大学を決める際に、英語が好きだったこともあり外国語大学に行きたいと考えていました。そして専攻語を決める際に、せっかく大学で学ぶなら、アジア圏の言語で日本語とは全く違った言語を学びたいと思ったこと、さらに将来仕事で使える言語が良いと考え、タイには日本企業が多く進出していることから、タイ語を専攻語として選択しました。また、大学時代には、タイのチェンマイに交換留学にも行きました。
せっかく大学で4年間タイ語を専攻したので、それを活かしたいと民間企業への就職も考えましたが、より大きな視野を持って仕事がしたいと思い調べたところ、外務省専門職に出会いました。外務省専門職試験の外国語試験をタイ語で受けていたこと、面接カードの第1志望言語をタイ語にしていたこともあってかタイ語研修で採用されました。

Q. これまでのキャリアパスについて教えてください。

入省1年目は、現在の部署と同じ南東アジア第一課に配属され、課内の業務の調整等を行う総務班で勤務しました。その後、タイのバンコクで2年間の在外研修を行い、タイ語の一層の研鑽とタイの政治、経済、歴史、文化等の諸事情を学ぶことに専念しました。在外研修後は、在タイ日本国大使館に配属され、その後在ブルネイ日本国大使館で勤務しました。約5年間の大使館勤務を終え、本省では即位の礼準備事務局、G20サミット・外相会合室、経済局資源安全保障室エネルギー班を経験し、2022年から南東アジア第一課でタイ班長として勤務しています。

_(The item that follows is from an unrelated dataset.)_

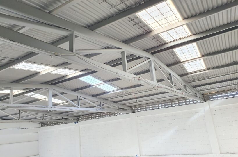 Cuenta con baño, estacionamiento para 5 autos y altura de cumbrera de 6-8 metros. No ofrece electricidad trifásica ni andén. Ideal para uso comercial o de almacenamiento.

Q. 入省1年目の研修で印象に残っていることはありますか。

初歩的なことになりますが、電話対応で外務省外の人と話す際に、省内の人を「〇〇さん」と敬称で呼んでしまい、先輩から「そういう時は「さん」付けはしないよ」と指摘をされた際などに、「自分は社会人になったのだ」と実感していました。また、1年目は課内の取りまとめをする業務を担いますが、期限内に決裁がとれるようスケジュールを逆算し、各担当の方が作業しやすいよう説明を工夫しながら依頼するようにしていました。ただ、その取りまとめる量がものすごく多いため、一つひとつ締め切りに間に合わせつつ捌くというのが苦労したこととして印象に残っています。大変ではありましたが、2年目からは在外研修が待っているので頑張れました。

Q. 在外研修中はどのように過ごされていましたか。

在外研修はバンコクに行き、現地の大学に在籍しつつもタイ人の先生とのマンツーマンレッスンを中心にタイ語を学びました。また、ホームステイをしていたため、帰宅後もホストファミリーと話したり、タイ人の生活や文化をより深く知れたりするなど、この在外研修を通しての新たな発見もあり、タイ語専門職員としての基盤ともなる貴重な経験となりました。実は、在外研修中に出家したことがあります。というのもタイは仏教国であり、タイをより知るためにはお坊さんになる必要があると考えたためです。約2週間出家し、髪や眉を剃り、袈裟を着て、お布施を求めて家々を回るなど貴重な経験をしました。これはホストファミリーのつながりでお寺を紹介してもらうことで実現したため、その点でもホームステイをしてよかったと思います。タイ人に出家の話をするととても盛り上がるため、自己紹介でもこの話をしています。
研修中はタイ語の検定試験も受けるようにしていましたが、実務で使える語学力が重要であると考えていたので、研修後にすぐ通訳ができるようになることを目指して勉強をしていました。在外研修中でも、何かイベントがあると応援という形で大使館業務に携わることもあるので、そのような業務を通じて大使館勤務のイメージを作っていました。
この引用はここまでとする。